▸ **What the task requires**
Reproduce, exactly and in full, only the lines below from the one containing "在蔬菜摊前,邓宗祥提醒负责人一定要保证供应和质量" through the one containing "Y para terminar".

▸ **Records to use**
******************************

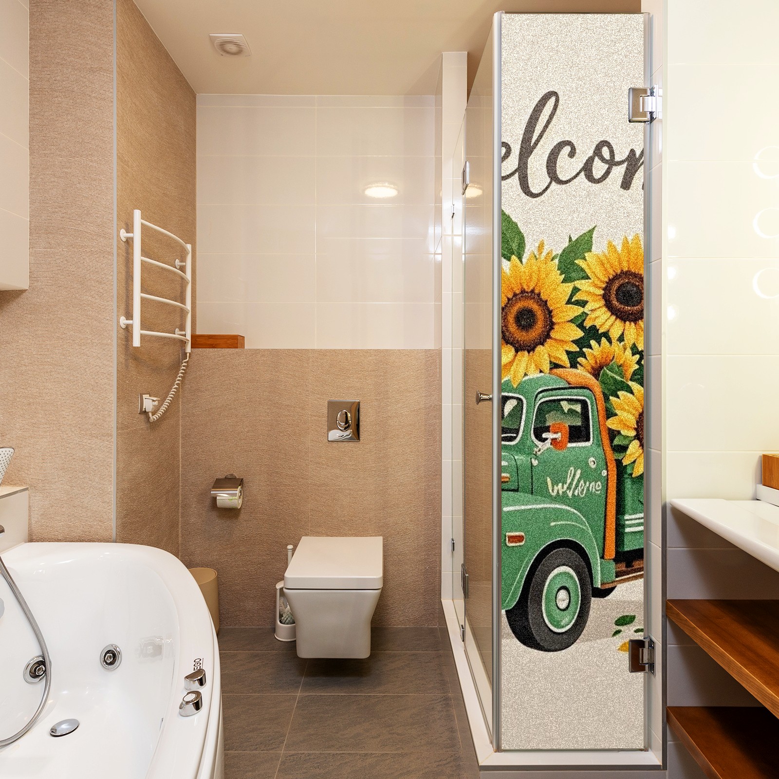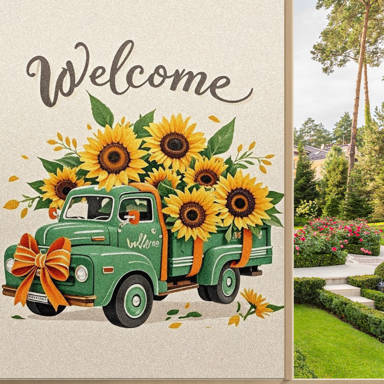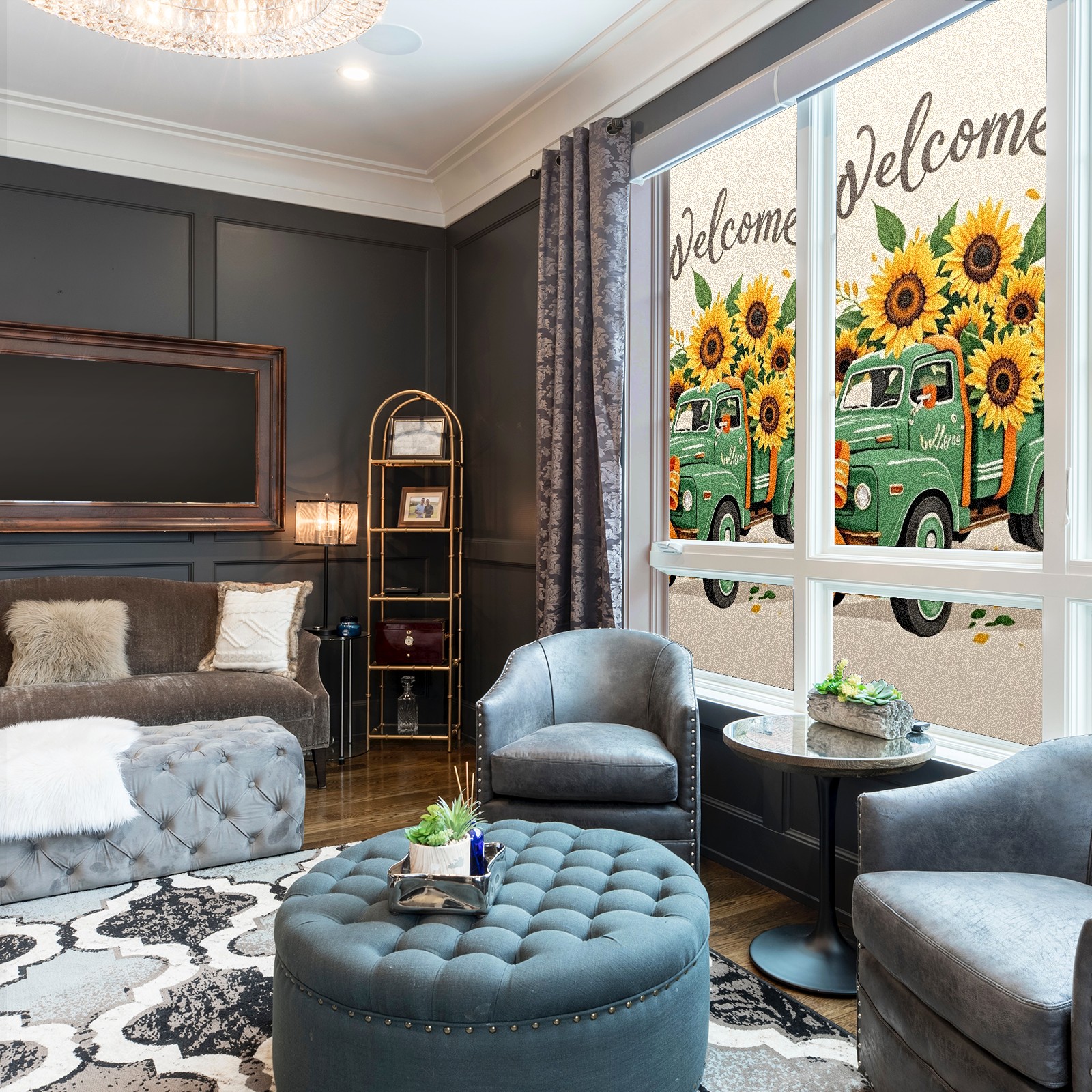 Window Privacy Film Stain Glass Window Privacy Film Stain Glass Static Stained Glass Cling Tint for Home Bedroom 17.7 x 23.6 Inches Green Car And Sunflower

******************************

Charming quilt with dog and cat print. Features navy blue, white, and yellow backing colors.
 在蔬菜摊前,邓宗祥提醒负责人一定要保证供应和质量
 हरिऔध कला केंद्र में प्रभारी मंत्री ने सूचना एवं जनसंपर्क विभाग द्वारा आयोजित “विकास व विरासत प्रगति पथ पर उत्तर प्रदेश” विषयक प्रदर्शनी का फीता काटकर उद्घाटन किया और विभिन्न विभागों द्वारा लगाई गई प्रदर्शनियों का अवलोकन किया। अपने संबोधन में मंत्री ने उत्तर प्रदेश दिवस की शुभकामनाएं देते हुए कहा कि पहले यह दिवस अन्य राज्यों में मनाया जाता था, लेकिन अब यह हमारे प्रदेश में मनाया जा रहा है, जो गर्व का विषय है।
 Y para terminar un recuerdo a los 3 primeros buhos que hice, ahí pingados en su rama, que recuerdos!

******************************

▸ **Task result**
 在蔬菜摊前,邓宗祥提醒负责人一定要保证供应和质量
 हरिऔध कला केंद्र में प्रभारी मंत्री ने सूचना एवं जनसंपर्क विभाग द्वारा आयोजित “विकास व विरासत प्रगति पथ पर उत्तर प्रदेश” विषयक प्रदर्शनी का फीता काटकर उद्घाटन किया और विभिन्न विभागों द्वारा लगाई गई प्रदर्शनियों का अवलोकन किया। अपने संबोधन में मंत्री ने उत्तर प्रदेश दिवस की शुभकामनाएं देते हुए कहा कि पहले यह दिवस अन्य राज्यों में मनाया जाता था, लेकिन अब यह हमारे प्रदेश में मनाया जा रहा है, जो गर्व का विषय है।
 Y para terminar un recuerdo a los 3 primeros buhos que hice, ahí pingados en su rama, que recuerdos!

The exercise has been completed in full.